### Prompt
From the first line to the last, restate every record word for word, leaving out the pictures.

** Listed entries follows **

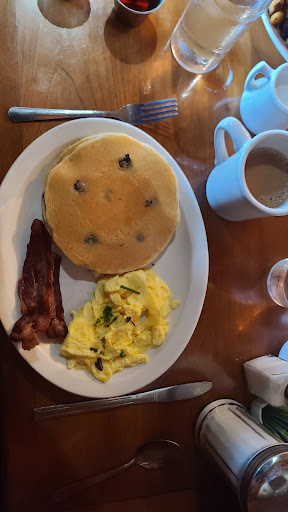 Read moreI came here for breakfast on July 4th weekend, we had to wait 45 minutes for a table for 2 which seemed to be standard across town for any breakfast spot that day. The restaurant had no air conditioning so it was quite stuffy inside. Our waitress was friendly but not overly enthusiastic about her job. I got 2 eggs scrambled and a pancake to try, my girlfriend got 2 eggs scrambled with sausage links and toast. The eggs were good, and tasted as you’d expect, the pancake was pretty good, not the best I’ve ever had but not bad, on a positive note they do serve real maple syrup and not that corn syrup garbage you get at other restaurants. Their signature maple butter was pretty good too and it’s subtly sweet. The negative regarding the food was the sausage links, they were absolutely horrible, borderline inedible. They were small, stiff and we could tell they were most likely frozen and microwaved. We didn’t even eat them. Another negative was the price of coffee, $4 for a 6 ounce coffee is a little pricey, another breakfast spot nearby charges $3.75 and they leave a whole pot of coffee for your table! Overall there are better breakfast spots in town to try...
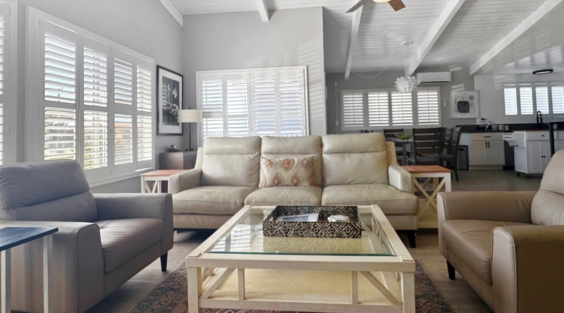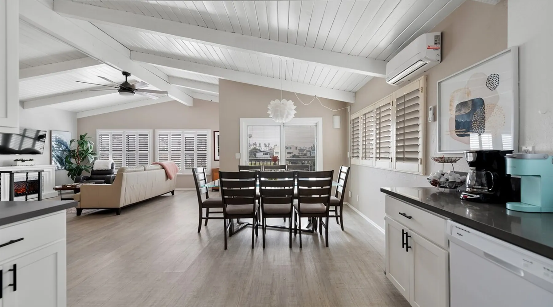 Welcome to Sea Shells by the Sea Shore Vacation Beach Rental, your ideal year-round escape! This nearly beachfront home offers spacious comfort, loaded with amenities—including for your furry friends. Just a short stroll from the sand, you'll find a wagon stocked with chairs and boogie boards ready for beach adventures. Take a quick drive to Ventura Harbor for paddleboard rentals, boat tours, or live music. Whether it’s summer fun or a cozy winter retreat, this home has everything you need! The space • Mini-split A/C and heating in every room • Secure patio with BBQ grill and outdoor dining area • Wagon with beach gear, including boogie boards, chairs, and umbrella • Spacious driveway with parking for up to three cars • Garage parking for one vehicle Bedrooms & Bathrooms: • Ground floor family room with sofa-sleeper and smart TV • Ground floor King bedroom with walk-in closet • King bedroom with closet and ocean view • Twin bedroom with closet, located near a full bathroom • Second-full bathroom with shower-tub combination • Second-floor powder room • Second floor open-concept living and dining area • Balcony with partial ocean view, perfect for unwinding • Newly remodeled kitchen with modern appliances Outdoor Space: • Steps to the sandy beach • Fully stocked garage with beach chairs, towels, umbrella, and boogie boards • Pet-friendly community • Family-friendly neighborhood near a local school (may hear children playing) Extras: • High-speed WiFi and smart TVs in every room • Pack ‘n Play, high chair, and baby monitor upon request • Pet-friendly with dog amenities provided (sorry, no cats) • Free parking for up to three vehicles • Laundry room with washer and dryer Guest access We are a local, family-owned business and take pride in our home. We value your privacy but are always a text away should you need anything. • Full access to the home, including all indoor and outdoor spaces • Self-check-in with a smart lock for seamless arrival • Digital Guidebook sent upon signing the Rental Agreement • Entry Code emailed 48 hours before check-in• Video walk-through available to share with guests
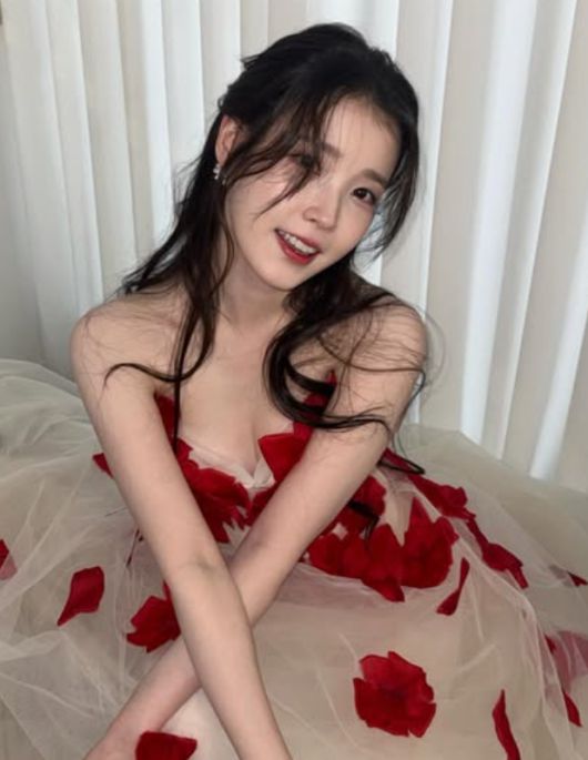 공개된 사진 속 아이유는 화이트 톤의 드레스에 붉은 꽃무늬가 더해진 의상을 입고 다양한 포즈를 취하고 있다. 정면은 물론 위에서 아래로 내려다본 앵글까지 활용해 사슴 같은 눈망울과 우아한 분위기를 강조했다.
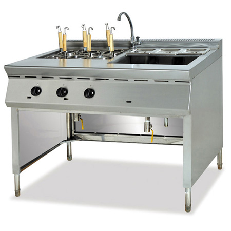 很多朋友還不太清楚有專門的煮麵設備,以為就像家裏煮麵差不多的,在生活節奏比較快捷的大中城市,煮麵爐已經成為很多中式快餐店的專用煮麵設備,煮麵爐市場需求比較大,原來都是中型以上快餐店采購,現在很多街頭小店也使用煮麵爐,他們采購小型煮麵爐,有的用來做早點,用煮麵爐煮麵條、煮米線等,也有的在寫字樓集中的底商開店,可以有電熱煮麵爐煮酸辣粉,也可以煮麻辣燙,代替了傳統的麻辣燙機器。如果條件允許的地方,一般都采用節能新型燃氣煮麵爐,主要集中在學校食堂、機關食堂等場所,燃氣節能煮麵爐煮麵非常快捷,而且節能環保,所以非常受歡迎!
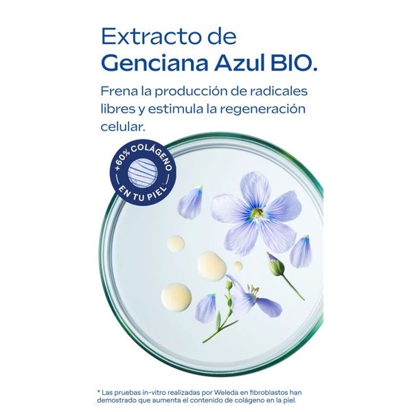 Nuestro exclusivo COLLAGEN+ ACTIVE COMPLEX, elaborado con genciana azul bio, edelweiss bio y centella asiática, actúa como un potenciador natural del colágeno.
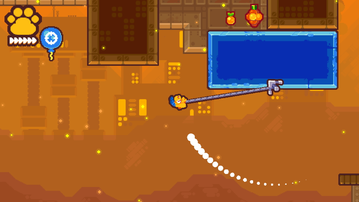 The meat of the gameplay revolves around the grapple gun that Pablo picks up very early on in the story. Combined with a modest selection of other platforming staples — you can jump, do a ground pound, wall-jump, that sort of thing — it’s the main method of traversal in the game. As a general rule of thumb, anything blue can be grappled from. This includes stationary blocks, poppable balloons that give you a boost, and moving grapple points on conveyor belts in later levels. There’s a fairly robust simulation of momentum physics implemented when hanging from things, too, which will help you leap further and jump higher, though it does admittedly take a bit of getting used to. Occasionally you may find yourself pinging across the screen at high speed after swinging from a grapple point, which can make the precise platforming sections trickier unless you take it slower and steadier.
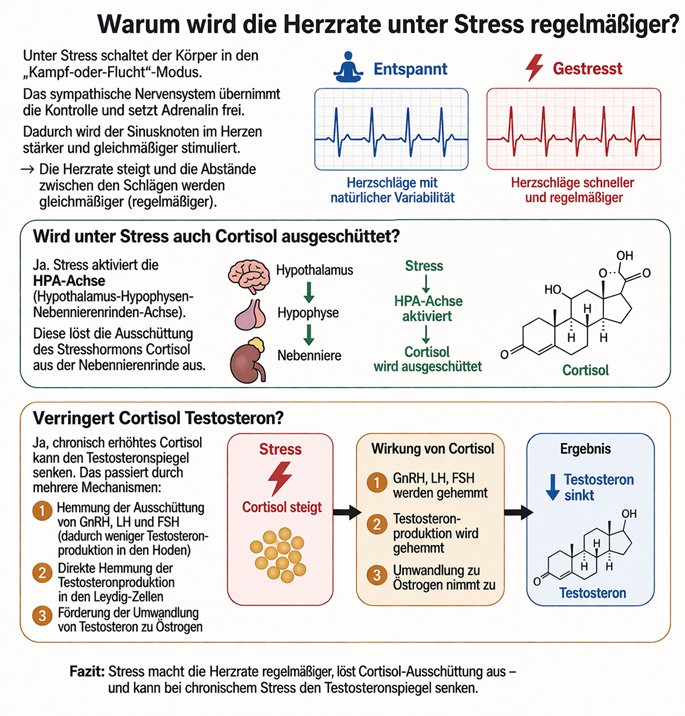 Niedrige HRV= dein Herz schlägt gleichmäßiger= dein Körper ist eher im „festen Modus“
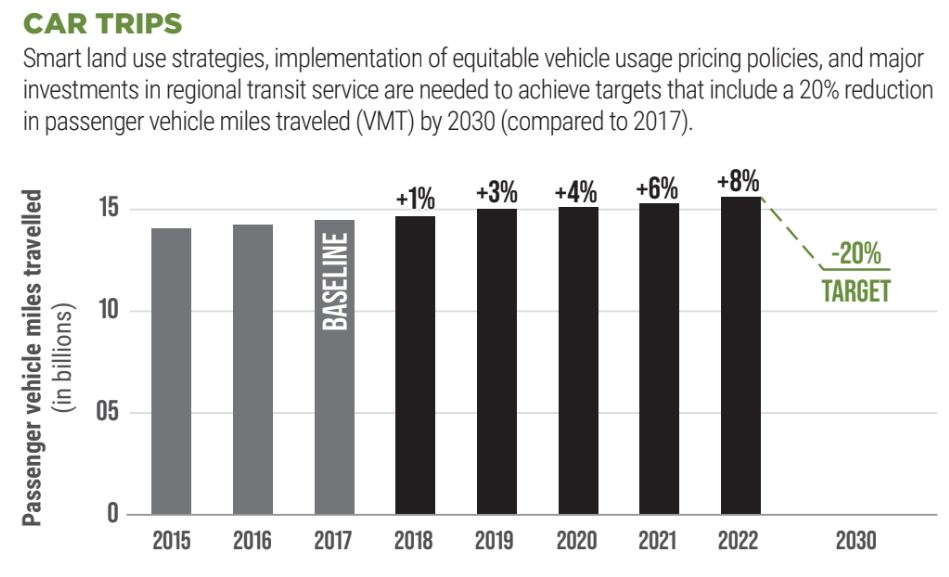 According to the report, in 2022 King County saw a net 2% increase year-over-year in the amount of total travel in passenger vehicles and light duty trucks, to 15.6 billion miles — over 6,700 miles for every single King County resident. The goal laid out in the plan is a 20% reduction from 2017 levels by 2030 and so far that number has increased over 2017 levels by 8%. Things are flat-out heading in the wrong direction.
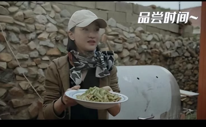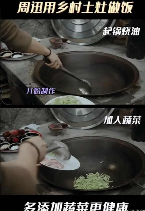 在正片環(huán)節(jié),周迅把袖子挽起來,用炒勺把油先行加到鍋里,待到油溫熱了以后,將蔬菜下鍋,這一步步操作也是有模有樣的?;蛟S是柴火鍋的火力比較足,周迅在炒制的過程中起了很大的煙,在一旁的工作人員也囑咐她注意油的迸濺。

** End of Listed entries **

### Output for this task
 Read moreI came here for breakfast on July 4th weekend, we had to wait 45 minutes for a table for 2 which seemed to be standard across town for any breakfast spot that day. The restaurant had no air conditioning so it was quite stuffy inside. Our waitress was friendly but not overly enthusiastic about her job. I got 2 eggs scrambled and a pancake to try, my girlfriend got 2 eggs scrambled with sausage links and toast. The eggs were good, and tasted as you’d expect, the pancake was pretty good, not the best I’ve ever had but not bad, on a positive note they do serve real maple syrup and not that corn syrup garbage you get at other restaurants. Their signature maple butter was pretty good too and it’s subtly sweet. The negative regarding the food was the sausage links, they were absolutely horrible, borderline inedible. They were small, stiff and we could tell they were most likely frozen and microwaved. We didn’t even eat them. Another negative was the price of coffee, $4 for a 6 ounce coffee is a little pricey, another breakfast spot nearby charges $3.75 and they leave a whole pot of coffee for your table! Overall there are better breakfast spots in town to try...
 Welcome to Sea Shells by the Sea Shore Vacation Beach Rental, your ideal year-round escape! This nearly beachfront home offers spacious comfort, loaded with amenities—including for your furry friends. Just a short stroll from the sand, you'll find a wagon stocked with chairs and boogie boards ready for beach adventures. Take a quick drive to Ventura Harbor for paddleboard rentals, boat tours, or live music. Whether it’s summer fun or a cozy winter retreat, this home has everything you need! The space • Mini-split A/C and heating in every room • Secure patio with BBQ grill and outdoor dining area • Wagon with beach gear, including boogie boards, chairs, and umbrella • Spacious driveway with parking for up to three cars • Garage parking for one vehicle Bedrooms & Bathrooms: • Ground floor family room with sofa-sleeper and smart TV • Ground floor King bedroom with walk-in closet • King bedroom with closet and ocean view • Twin bedroom with closet, located near a full bathroom • Second-full bathroom with shower-tub combination • Second-floor powder room • Second floor open-concept living and dining area • Balcony with partial ocean view, perfect for unwinding • Newly remodeled kitchen with modern appliances Outdoor Space: • Steps to the sandy beach • Fully stocked garage with beach chairs, towels, umbrella, and boogie boards • Pet-friendly community • Family-friendly neighborhood near a local school (may hear children playing) Extras: • High-speed WiFi and smart TVs in every room • Pack ‘n Play, high chair, and baby monitor upon request • Pet-friendly with dog amenities provided (sorry, no cats) • Free parking for up to three vehicles • Laundry room with washer and dryer Guest access We are a local, family-owned business and take pride in our home. We value your privacy but are always a text away should you need anything. • Full access to the home, including all indoor and outdoor spaces • Self-check-in with a smart lock for seamless arrival • Digital Guidebook sent upon signing the Rental Agreement • Entry Code emailed 48 hours before check-in• Video walk-through available to share with guests
 공개된 사진 속 아이유는 화이트 톤의 드레스에 붉은 꽃무늬가 더해진 의상을 입고 다양한 포즈를 취하고 있다. 정면은 물론 위에서 아래로 내려다본 앵글까지 활용해 사슴 같은 눈망울과 우아한 분위기를 강조했다.
 很多朋友還不太清楚有專門的煮麵設備,以為就像家裏煮麵差不多的,在生活節奏比較快捷的大中城市,煮麵爐已經成為很多中式快餐店的專用煮麵設備,煮麵爐市場需求比較大,原來都是中型以上快餐店采購,現在很多街頭小店也使用煮麵爐,他們采購小型煮麵爐,有的用來做早點,用煮麵爐煮麵條、煮米線等,也有的在寫字樓集中的底商開店,可以有電熱煮麵爐煮酸辣粉,也可以煮麻辣燙,代替了傳統的麻辣燙機器。如果條件允許的地方,一般都采用節能新型燃氣煮麵爐,主要集中在學校食堂、機關食堂等場所,燃氣節能煮麵爐煮麵非常快捷,而且節能環保,所以非常受歡迎!
 Nuestro exclusivo COLLAGEN+ ACTIVE COMPLEX, elaborado con genciana azul bio, edelweiss bio y centella asiática, actúa como un potenciador natural del colágeno.
 The meat of the gameplay revolves around the grapple gun that Pablo picks up very early on in the story. Combined with a modest selection of other platforming staples — you can jump, do a ground pound, wall-jump, that sort of thing — it’s the main method of traversal in the game. As a general rule of thumb, anything blue can be grappled from. This includes stationary blocks, poppable balloons that give you a boost, and moving grapple points on conveyor belts in later levels. There’s a fairly robust simulation of momentum physics implemented when hanging from things, too, which will help you leap further and jump higher, though it does admittedly take a bit of getting used to. Occasionally you may find yourself pinging across the screen at high speed after swinging from a grapple point, which can make the precise platforming sections trickier unless you take it slower and steadier.
 Niedrige HRV= dein Herz schlägt gleichmäßiger= dein Körper ist eher im „festen Modus“
 According to the report, in 2022 King County saw a net 2% increase year-over-year in the amount of total travel in passenger vehicles and light duty trucks, to 15.6 billion miles — over 6,700 miles for every single King County resident. The goal laid out in the plan is a 20% reduction from 2017 levels by 2030 and so far that number has increased over 2017 levels by 8%. Things are flat-out heading in the wrong direction.
 在正片環(huán)節(jié),周迅把袖子挽起來,用炒勺把油先行加到鍋里,待到油溫熱了以后,將蔬菜下鍋,這一步步操作也是有模有樣的?;蛟S是柴火鍋的火力比較足,周迅在炒制的過程中起了很大的煙,在一旁的工作人員也囑咐她注意油的迸濺。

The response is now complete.